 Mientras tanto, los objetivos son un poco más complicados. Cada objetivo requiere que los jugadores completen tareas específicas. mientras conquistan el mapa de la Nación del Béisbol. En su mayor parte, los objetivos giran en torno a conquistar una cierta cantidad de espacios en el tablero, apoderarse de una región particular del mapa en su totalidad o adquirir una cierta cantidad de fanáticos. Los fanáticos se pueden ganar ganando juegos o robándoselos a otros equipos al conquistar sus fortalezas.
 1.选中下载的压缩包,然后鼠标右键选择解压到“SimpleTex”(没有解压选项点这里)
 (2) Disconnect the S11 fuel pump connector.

--

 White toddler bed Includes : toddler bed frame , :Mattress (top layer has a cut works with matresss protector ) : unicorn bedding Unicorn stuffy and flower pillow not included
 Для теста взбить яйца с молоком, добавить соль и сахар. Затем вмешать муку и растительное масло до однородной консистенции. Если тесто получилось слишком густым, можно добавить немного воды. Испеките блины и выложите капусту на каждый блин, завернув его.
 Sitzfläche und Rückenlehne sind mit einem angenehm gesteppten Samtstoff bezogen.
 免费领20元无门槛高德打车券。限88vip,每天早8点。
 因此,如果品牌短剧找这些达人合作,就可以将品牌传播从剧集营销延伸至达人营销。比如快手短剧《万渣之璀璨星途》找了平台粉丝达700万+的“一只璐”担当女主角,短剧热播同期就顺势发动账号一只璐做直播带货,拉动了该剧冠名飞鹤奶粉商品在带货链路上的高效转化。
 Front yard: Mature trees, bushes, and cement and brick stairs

==

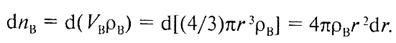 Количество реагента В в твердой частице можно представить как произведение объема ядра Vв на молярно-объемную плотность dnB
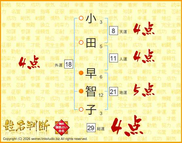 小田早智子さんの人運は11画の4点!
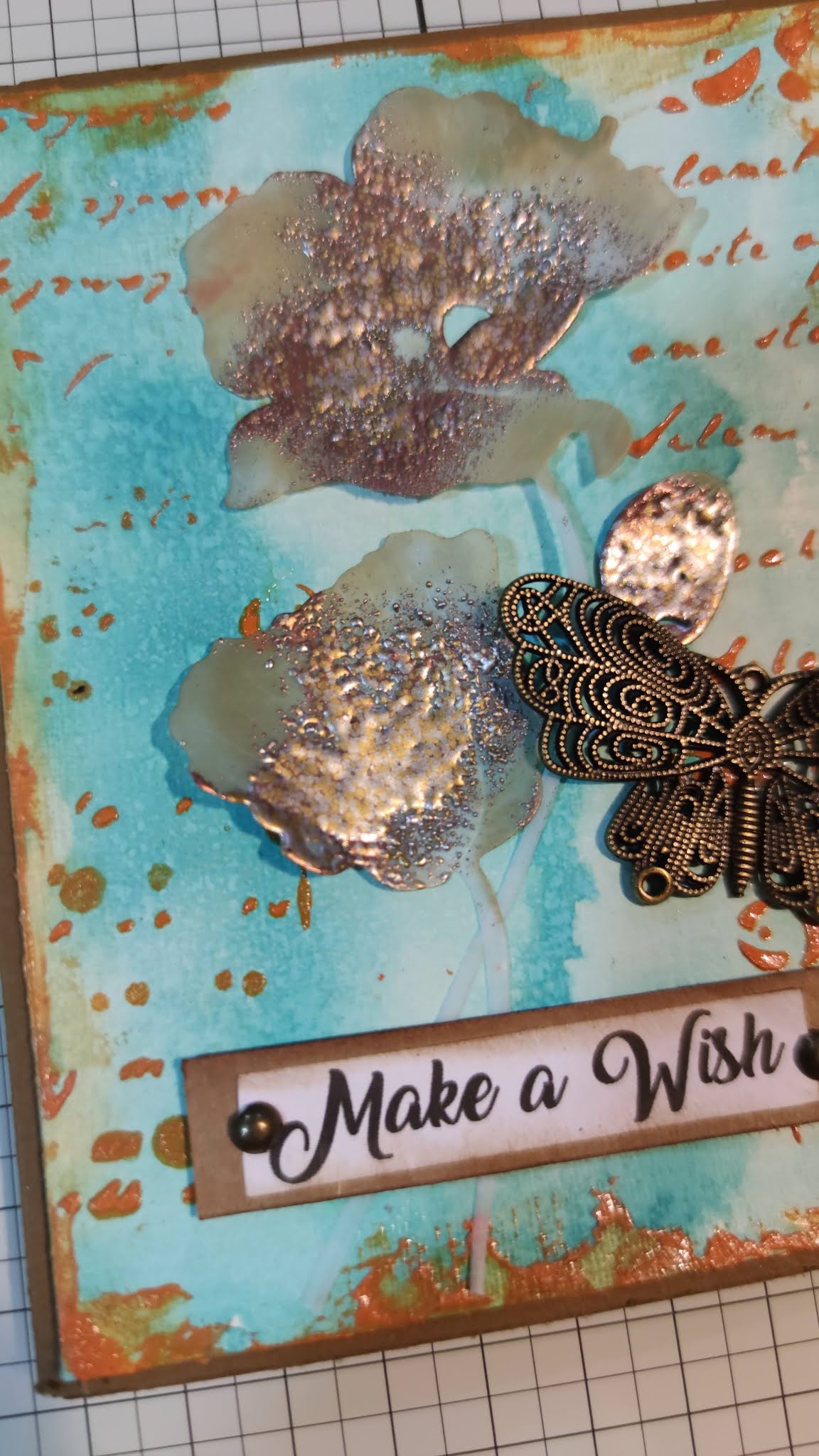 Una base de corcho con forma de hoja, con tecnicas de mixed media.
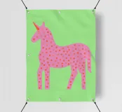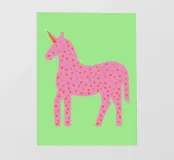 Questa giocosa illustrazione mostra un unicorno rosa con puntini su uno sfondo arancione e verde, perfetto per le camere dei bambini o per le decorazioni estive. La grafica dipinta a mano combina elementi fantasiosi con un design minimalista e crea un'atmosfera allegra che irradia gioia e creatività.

▸ Problem:
Retype word for word everything in the listing above from the line that holds "Mientras tanto, los" down to the line that holds "(2) Disconnect the S11 fuel pump connector.". Keep both end lines and leave out the rest.

▸ Solved exercise:
 Mientras tanto, los objetivos son un poco más complicados. Cada objetivo requiere que los jugadores completen tareas específicas. mientras conquistan el mapa de la Nación del Béisbol. En su mayor parte, los objetivos giran en torno a conquistar una cierta cantidad de espacios en el tablero, apoderarse de una región particular del mapa en su totalidad o adquirir una cierta cantidad de fanáticos. Los fanáticos se pueden ganar ganando juegos o robándoselos a otros equipos al conquistar sus fortalezas.
 1.选中下载的压缩包,然后鼠标右键选择解压到“SimpleTex”(没有解压选项点这里)
 (2) Disconnect the S11 fuel pump connector.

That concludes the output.